Stored items:

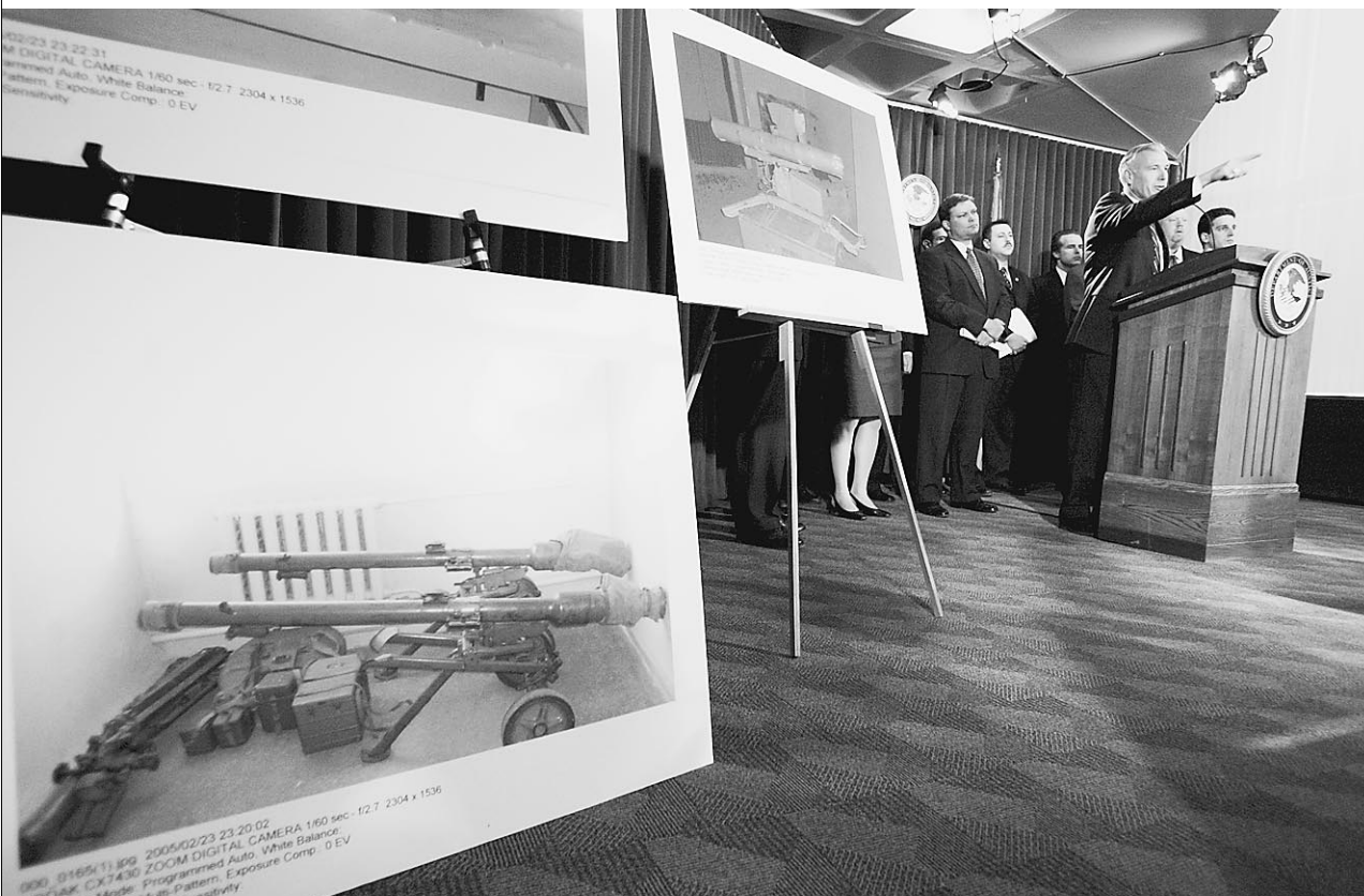
Окружной прокурор Манхэттена Дэвид Келли демонстрирует образцы оружия, которым торговали задержанные...

Во вторник прокуратура Нью-Йорка сообщила об аресте 18 человек, которых подозревают в контрабанде оружия из России. По словам окружного прокурора Манхэттена Дэвида Келли, они занимались незаконной продажей в США переносных ракетных комплексов класса «земля-воздух», гранатометов и другого стрелкового оружия. Прокурор нью-йоркского района Манхэттен Дэвид Келли назвал имена некоторых арестованных — они оказались выходцами из бывшего СССР.
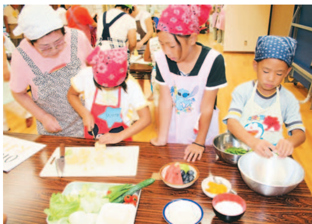
真剣なまなざしで料理に挑戦する子どもたち

下山門公民館で8月27日、料理作りを通して食の大切さを見直してもらおうと、西区食生活改善推進員
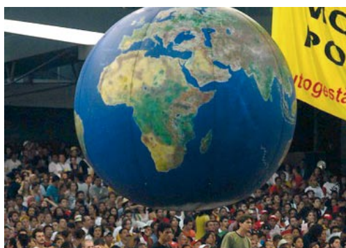
Fórum Social Mundial. Belém (PA), janeiro de 2009

Entre os dias 27 de janeiro e 1 de fevereiro de 2009 aconteceu o Fórum Social Mundial (FSM), na cidade de Belém (PA). Eram aproximadamente 100 mil participantes, vindos de todo o Brasil e de diversas partes do mundo. O evento propôs a discussão de questões sobre a construção de um mundo mais justo e igualitário para todas e todos, firmando mais uma vez, sua preferência pelos pobres. Vou descrever como foi chegar a esta cidade tão, tão... distante de onde moramos, sendo nós: gaúchos! A excursão saiu de Santa Maria, no coração do Rio Grande do Sul, sob a organização da Economia Solidária. Éramos 43 pessoas no início e mais três se juntaram a nós em Goiânia.
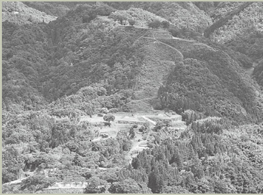
▲京羅木山から撮影した月山

中国地方を代表する山城である月山富田城の魅力について、お城研究の第一人者としての観点からお話いただきます。
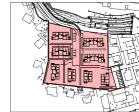
PLANIMETRIA GENERALE LOTTIZZAZIONE
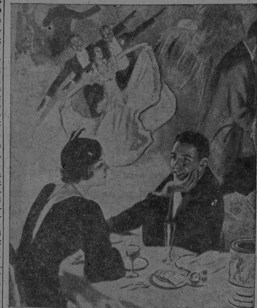
To ensomme, som ikke føler ensomheten.

For så og, så lenge siden var det hvite timer da ikke engang en fransk oppe på Montmartre, en pariser gjenkatt blunder. nemvket sin jule- og nyttårsmat. Disse Det var en selvfølge: dette lettive-

What you are asked to do: Skipping any pictures, copy the entries exactly as they appear.

Answer area:
Окружной прокурор Манхэттена Дэвид Келли демонстрирует образцы оружия, которым торговали задержанные...

Во вторник прокуратура Нью-Йорка сообщила об аресте 18 человек, которых подозревают в контрабанде оружия из России. По словам окружного прокурора Манхэттена Дэвида Келли, они занимались незаконной продажей в США переносных ракетных комплексов класса «земля-воздух», гранатометов и другого стрелкового оружия. Прокурор нью-йоркского района Манхэттен Дэвид Келли назвал имена некоторых арестованных — они оказались выходцами из бывшего СССР.
真剣なまなざしで料理に挑戦する子どもたち

下山門公民館で8月27日、料理作りを通して食の大切さを見直してもらおうと、西区食生活改善推進員
Fórum Social Mundial. Belém (PA), janeiro de 2009

Entre os dias 27 de janeiro e 1 de fevereiro de 2009 aconteceu o Fórum Social Mundial (FSM), na cidade de Belém (PA). Eram aproximadamente 100 mil participantes, vindos de todo o Brasil e de diversas partes do mundo. O evento propôs a discussão de questões sobre a construção de um mundo mais justo e igualitário para todas e todos, firmando mais uma vez, sua preferência pelos pobres. Vou descrever como foi chegar a esta cidade tão, tão... distante de onde moramos, sendo nós: gaúchos! A excursão saiu de Santa Maria, no coração do Rio Grande do Sul, sob a organização da Economia Solidária. Éramos 43 pessoas no início e mais três se juntaram a nós em Goiânia.
▲京羅木山から撮影した月山

中国地方を代表する山城である月山富田城の魅力について、お城研究の第一人者としての観点からお話いただきます。
PLANIMETRIA GENERALE LOTTIZZAZIONE
To ensomme, som ikke føler ensomheten.

For så og, så lenge siden var det hvite timer da ikke engang en fransk oppe på Montmartre, en pariser gjenkatt blunder. nemvket sin jule- og nyttårsmat. Disse Det var en selvfølge: dette lettive-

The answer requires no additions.